Extracted records
----------------

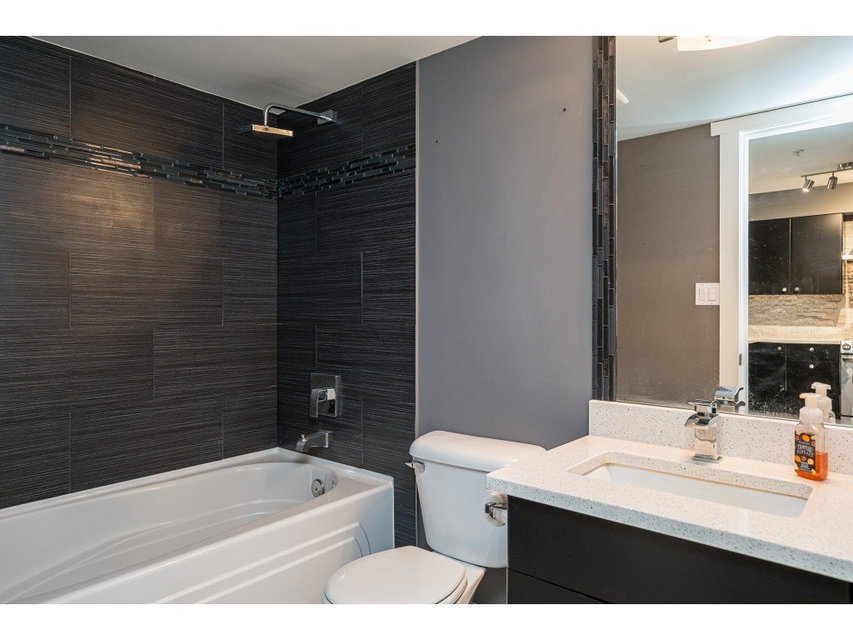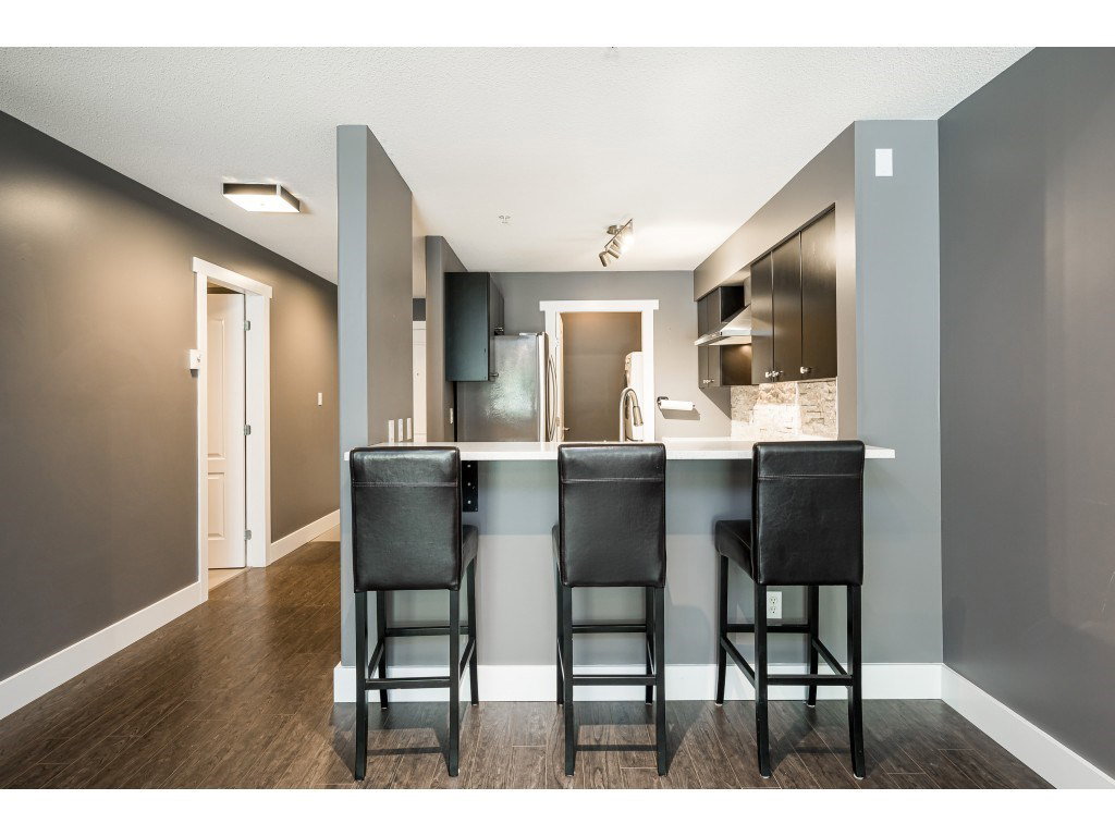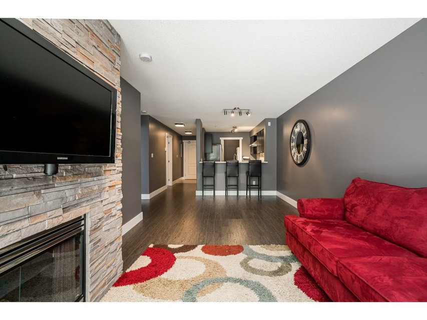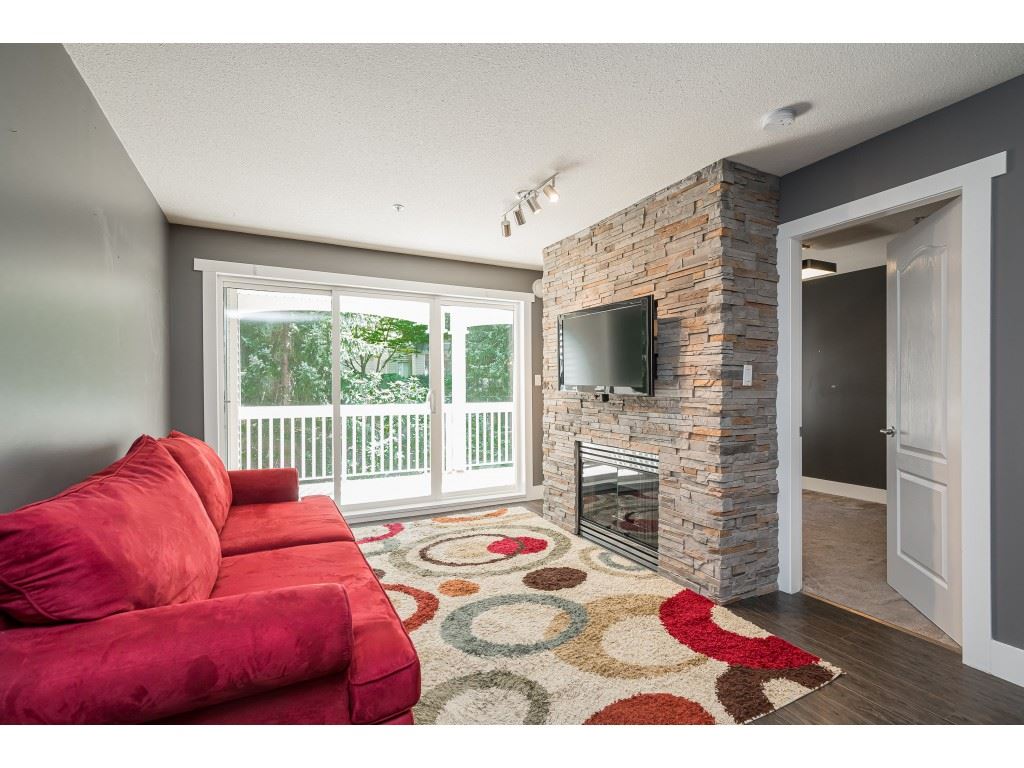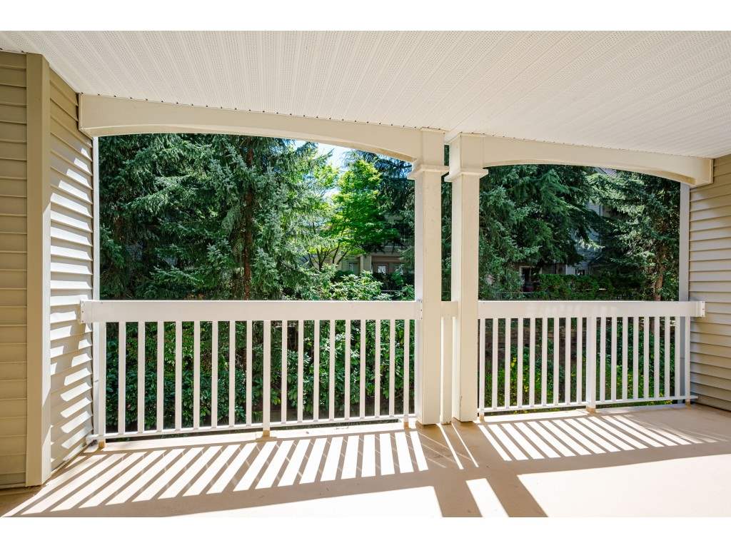 WELCOME HOME to this fantastic, well appointed condo with HUGE DECK facing trees for exceptional tranquility and privacy. This 2-bed, 2-bath unit has its own laundry room off the kitchen, very spacious master suite with walk-in shower and large walk in closet. Open, spacious dining/living with gas fireplace and lovely features including stone backsplash in the kitchen, quartz, s/s appliances, laminate, and lovely fireplace surround. New membrane for the parkade with special levy all paid up! Call today and make this your new home.
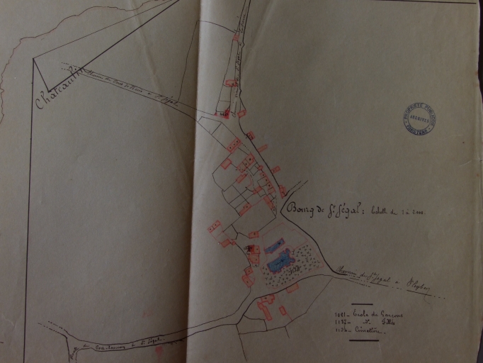 Plan du bourg de Saint-Ségal, 1887 (A. D. 29, série 2 O 1878)Immatriculation
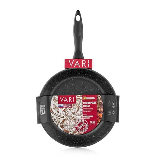 Сковорода VARI "Классическая каменная" литая, черная, 26 см, с антипригарным покрытием
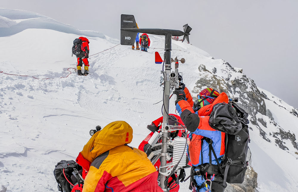當(dāng)日凌晨3時,科考隊員從海拔8300米的突擊營地出發(fā),歷經(jīng)數(shù)小時攀登,終于抵達(dá)海拔8830米的世界最高自動氣象觀測站。固定鋼筋繩索,更換蓄電池,安裝風(fēng)速風(fēng)向傳感器……經(jīng)過約1小時的緊張工作,氣象站零部件升級工作全部完成。隨后,他們攀登至8848.86米的峰頂,利用工具成功采集雪冰樣品。
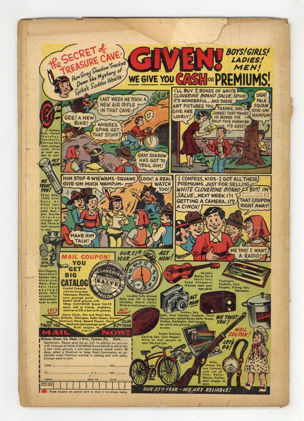 Ended May 7 2020 Winning Bid $92 Cover by Win Mortimer. It's Smart to Check -- And Double Check! public service announcement starring Superman, script by Jack Schiff, art by Winslow Mortimer. "The Jungle Batman!", script by David Vern, pencils by Bob Kane (Batman and Robin figures only) and Lew Sayre Schwartz, inks by Charles Paris; After capturing the feared Sinister Eight, Commissioner Gordon asks the Dynamic Duo to deliver the crooks by radio-controlled ship to their prison at Satan's Island; The ship is torpedoed and sunk during a storm at sea. Two-page Varsity Vic story by Henry Boltinoff. "The Legion of Faceless Men!", pencils by Dick Sprang, inks by Charles Paris; Batman and Robin get invited to a party at The Maskers Club, which is formed by people who wear masks at their jobs; After the party, crime ensues. Half-page Private Pete story by Henry Boltinoff. One-page Peg story by Henry Boltinoff. Changing Styles In Magic article by David Kahn (as Donald King), art by Raymond Perry. Half-page Shorty story by Henry Boltinoff. "The Death-Cheaters of Gotham City!", script by David Vern, art by Jim Mooney (as Bob Kane); Batman becomes a member of the strange "Death Cheaters Club," but a wanted criminal, who fits the qualifications for membership, is denied the same--and vows vengeance against all the members! Casey the Cop one-page story by Henry Boltinoff. 52 Pages, Full Color. Cover price $0.10. Grade: FR/GD 1.5 explanation of grade Condition: Used (collectible)
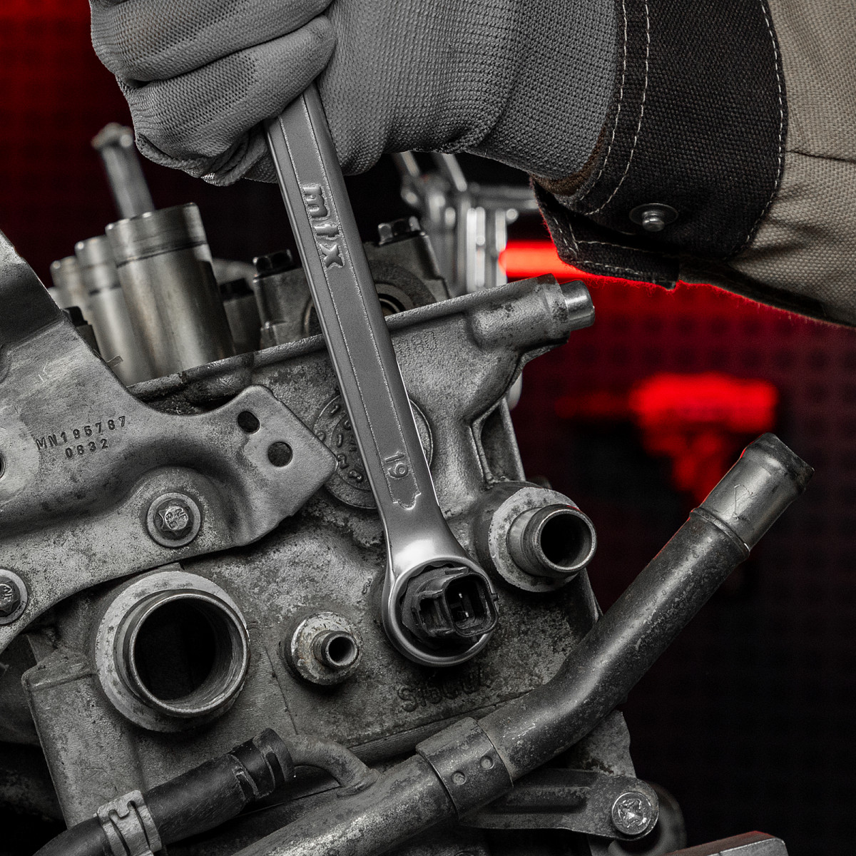 • Комфортная и эффективная работа — ключи-трещотки с 45 зубьями оснащены механизмом быстрого сброса, переключателем реверса с металлическим флажком и двухкомпонентной рукояткой.
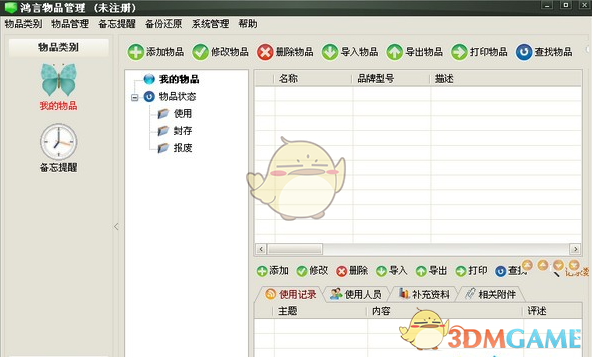 鸿言物品管理软件可以灵活设置物品类别、物品状态,记录物品的型号、来源、价格、存放位置、质保信息等等。可以对物品的使用信息、使用人员进行随时记录,可以添加补充资料、相关附件,以便扩充物品的相关信息。可以设置备忘提醒,安排日常事务。

----------------

WORK INSTRUCTIONS
Look above for the line with "с антипригарным покрытием" and copy exactly from it through the line with "當(dāng)日凌晨3時,科", both included. Omit the pictures.

EXERCISE SOLUTION
 Сковорода VARI "Классическая каменная" литая, черная, 26 см, с антипригарным покрытием
當(dāng)日凌晨3時,科考隊員從海拔8300米的突擊營地出發(fā),歷經(jīng)數(shù)小時攀登,終于抵達(dá)海拔8830米的世界最高自動氣象觀測站。固定鋼筋繩索,更換蓄電池,安裝風(fēng)速風(fēng)向傳感器……經(jīng)過約1小時的緊張工作,氣象站零部件升級工作全部完成。隨后,他們攀登至8848.86米的峰頂,利用工具成功采集雪冰樣品。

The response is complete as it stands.